* _Data supplied_:
******************************

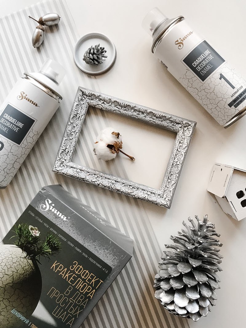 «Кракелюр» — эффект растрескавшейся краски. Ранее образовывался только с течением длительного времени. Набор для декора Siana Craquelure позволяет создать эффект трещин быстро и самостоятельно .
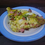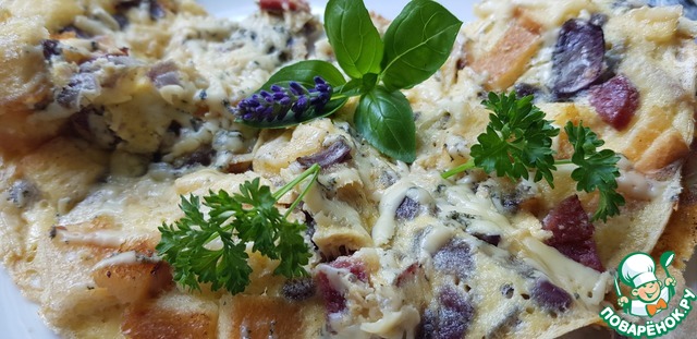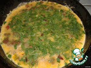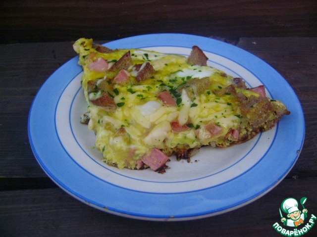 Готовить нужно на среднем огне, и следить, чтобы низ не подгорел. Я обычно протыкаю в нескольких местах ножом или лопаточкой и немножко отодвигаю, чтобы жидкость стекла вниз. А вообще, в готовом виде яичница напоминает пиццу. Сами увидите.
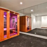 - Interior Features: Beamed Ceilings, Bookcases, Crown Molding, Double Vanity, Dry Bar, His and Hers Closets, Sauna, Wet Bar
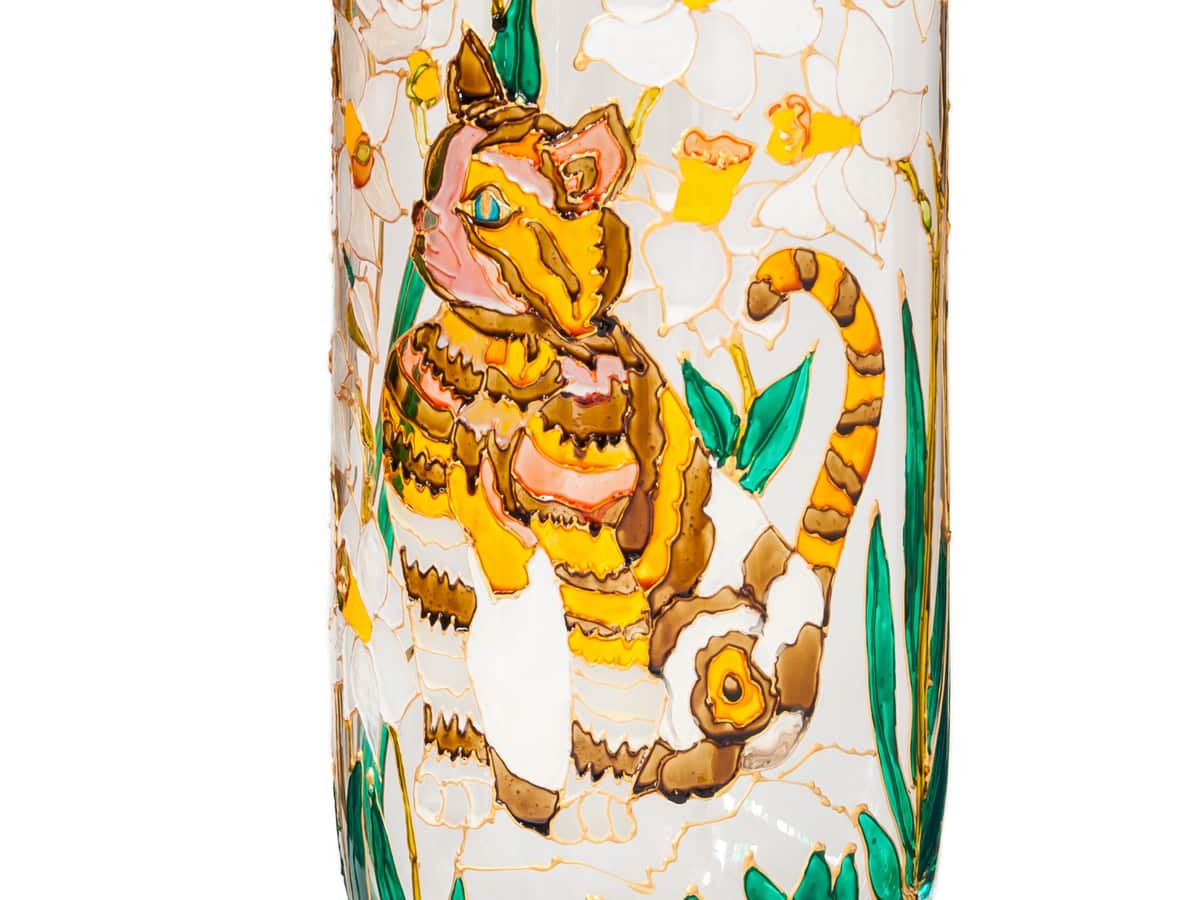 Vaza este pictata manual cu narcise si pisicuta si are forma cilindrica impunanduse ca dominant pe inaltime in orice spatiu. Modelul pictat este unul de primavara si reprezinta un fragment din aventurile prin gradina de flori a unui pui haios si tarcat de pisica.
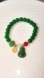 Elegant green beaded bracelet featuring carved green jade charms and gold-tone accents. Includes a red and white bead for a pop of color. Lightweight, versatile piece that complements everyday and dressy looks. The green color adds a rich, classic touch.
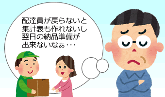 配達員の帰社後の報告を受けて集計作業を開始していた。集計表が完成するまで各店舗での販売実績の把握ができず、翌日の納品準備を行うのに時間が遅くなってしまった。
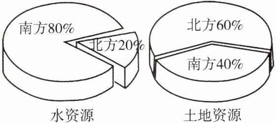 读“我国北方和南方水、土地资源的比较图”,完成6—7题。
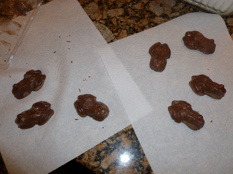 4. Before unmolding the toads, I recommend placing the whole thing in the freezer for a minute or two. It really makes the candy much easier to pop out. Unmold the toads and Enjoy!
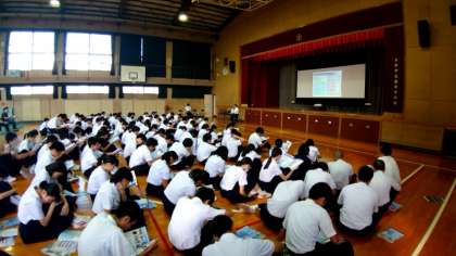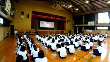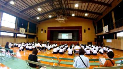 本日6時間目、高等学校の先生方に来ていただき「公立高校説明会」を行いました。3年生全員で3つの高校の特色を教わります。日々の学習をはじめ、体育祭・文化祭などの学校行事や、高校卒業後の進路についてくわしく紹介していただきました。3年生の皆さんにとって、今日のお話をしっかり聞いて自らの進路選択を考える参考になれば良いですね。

******************************

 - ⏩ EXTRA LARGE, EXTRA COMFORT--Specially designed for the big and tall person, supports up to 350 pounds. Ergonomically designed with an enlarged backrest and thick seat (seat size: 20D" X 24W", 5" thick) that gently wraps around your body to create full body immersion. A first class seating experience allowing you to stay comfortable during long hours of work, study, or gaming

******************************

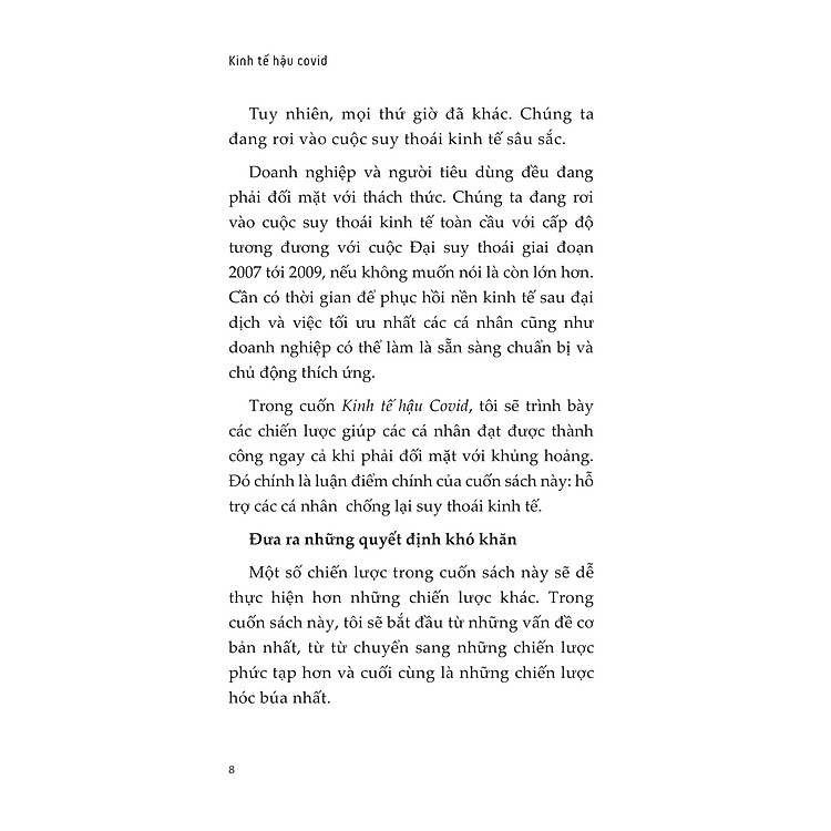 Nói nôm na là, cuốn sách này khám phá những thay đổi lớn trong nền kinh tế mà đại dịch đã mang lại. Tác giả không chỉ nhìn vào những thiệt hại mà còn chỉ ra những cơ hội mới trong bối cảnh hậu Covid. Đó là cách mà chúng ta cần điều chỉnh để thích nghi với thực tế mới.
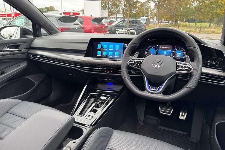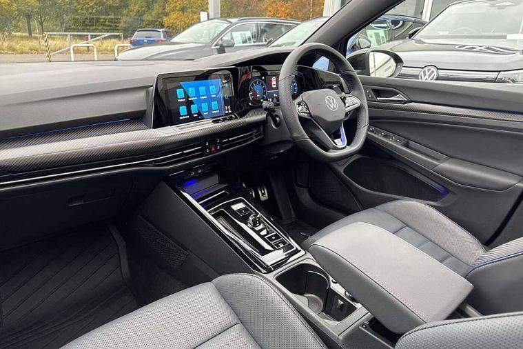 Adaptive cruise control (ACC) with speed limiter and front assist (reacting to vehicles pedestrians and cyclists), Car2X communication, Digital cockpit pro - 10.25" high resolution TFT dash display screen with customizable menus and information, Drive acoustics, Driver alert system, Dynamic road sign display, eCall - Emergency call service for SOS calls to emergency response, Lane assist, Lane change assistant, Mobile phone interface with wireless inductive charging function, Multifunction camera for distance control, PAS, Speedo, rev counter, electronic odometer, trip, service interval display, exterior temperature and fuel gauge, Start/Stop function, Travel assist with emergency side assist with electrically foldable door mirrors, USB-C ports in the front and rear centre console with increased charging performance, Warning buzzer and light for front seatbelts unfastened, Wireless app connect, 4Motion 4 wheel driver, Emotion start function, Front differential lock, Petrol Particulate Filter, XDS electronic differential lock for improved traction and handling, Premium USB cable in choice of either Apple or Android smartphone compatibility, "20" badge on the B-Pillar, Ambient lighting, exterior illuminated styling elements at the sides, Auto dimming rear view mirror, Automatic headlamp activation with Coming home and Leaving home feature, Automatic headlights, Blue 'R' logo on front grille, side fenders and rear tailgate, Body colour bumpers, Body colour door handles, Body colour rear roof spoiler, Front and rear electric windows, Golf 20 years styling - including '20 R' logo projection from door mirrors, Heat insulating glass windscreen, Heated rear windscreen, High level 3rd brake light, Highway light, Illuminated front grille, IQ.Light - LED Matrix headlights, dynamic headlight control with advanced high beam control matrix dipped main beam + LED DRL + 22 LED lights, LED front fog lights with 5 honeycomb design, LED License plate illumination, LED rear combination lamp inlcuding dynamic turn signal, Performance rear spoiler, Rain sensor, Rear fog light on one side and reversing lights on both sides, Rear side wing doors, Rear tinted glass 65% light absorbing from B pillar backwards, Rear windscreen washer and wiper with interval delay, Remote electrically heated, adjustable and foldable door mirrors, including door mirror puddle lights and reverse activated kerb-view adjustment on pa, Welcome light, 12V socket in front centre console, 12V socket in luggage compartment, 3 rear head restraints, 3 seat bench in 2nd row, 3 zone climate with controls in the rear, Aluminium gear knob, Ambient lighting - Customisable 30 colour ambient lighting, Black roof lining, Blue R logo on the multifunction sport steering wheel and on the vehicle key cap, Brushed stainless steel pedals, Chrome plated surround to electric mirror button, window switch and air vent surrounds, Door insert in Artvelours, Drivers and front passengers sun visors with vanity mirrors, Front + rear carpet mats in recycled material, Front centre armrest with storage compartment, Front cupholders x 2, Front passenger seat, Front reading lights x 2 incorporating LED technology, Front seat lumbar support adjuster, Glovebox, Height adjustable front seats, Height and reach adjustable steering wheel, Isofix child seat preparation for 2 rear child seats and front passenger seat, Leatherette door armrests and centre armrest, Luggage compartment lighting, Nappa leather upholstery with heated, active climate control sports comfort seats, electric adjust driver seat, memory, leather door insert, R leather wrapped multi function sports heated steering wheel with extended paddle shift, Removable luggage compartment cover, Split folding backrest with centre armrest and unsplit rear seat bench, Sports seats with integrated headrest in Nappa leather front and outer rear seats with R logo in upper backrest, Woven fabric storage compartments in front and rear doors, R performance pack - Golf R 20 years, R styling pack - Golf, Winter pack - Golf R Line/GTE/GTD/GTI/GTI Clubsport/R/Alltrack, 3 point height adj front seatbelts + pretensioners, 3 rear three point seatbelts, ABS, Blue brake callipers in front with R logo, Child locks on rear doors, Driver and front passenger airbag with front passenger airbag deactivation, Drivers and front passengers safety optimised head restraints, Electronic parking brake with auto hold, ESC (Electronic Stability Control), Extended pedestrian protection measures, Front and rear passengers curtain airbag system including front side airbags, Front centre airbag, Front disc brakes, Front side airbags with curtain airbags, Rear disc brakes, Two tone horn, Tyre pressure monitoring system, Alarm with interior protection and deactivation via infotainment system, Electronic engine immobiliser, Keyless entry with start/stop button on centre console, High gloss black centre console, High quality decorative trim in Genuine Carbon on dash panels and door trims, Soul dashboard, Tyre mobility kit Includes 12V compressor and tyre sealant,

******************************

* _Required work_:
Excluding any pictures, print exactly the lines of the listing above from the line with "Elegant green beaded" to the line with "本日6時間目、高等学校の先生", both ends included.

* _Answer to this task_:
 Elegant green beaded bracelet featuring carved green jade charms and gold-tone accents. Includes a red and white bead for a pop of color. Lightweight, versatile piece that complements everyday and dressy looks. The green color adds a rich, classic touch.
 配達員の帰社後の報告を受けて集計作業を開始していた。集計表が完成するまで各店舗での販売実績の把握ができず、翌日の納品準備を行うのに時間が遅くなってしまった。
 读“我国北方和南方水、土地资源的比较图”,完成6—7题。
 4. Before unmolding the toads, I recommend placing the whole thing in the freezer for a minute or two. It really makes the candy much easier to pop out. Unmold the toads and Enjoy!
 本日6時間目、高等学校の先生方に来ていただき「公立高校説明会」を行いました。3年生全員で3つの高校の特色を教わります。日々の学習をはじめ、体育祭・文化祭などの学校行事や、高校卒業後の進路についてくわしく紹介していただきました。3年生の皆さんにとって、今日のお話をしっかり聞いて自らの進路選択を考える参考になれば良いですね。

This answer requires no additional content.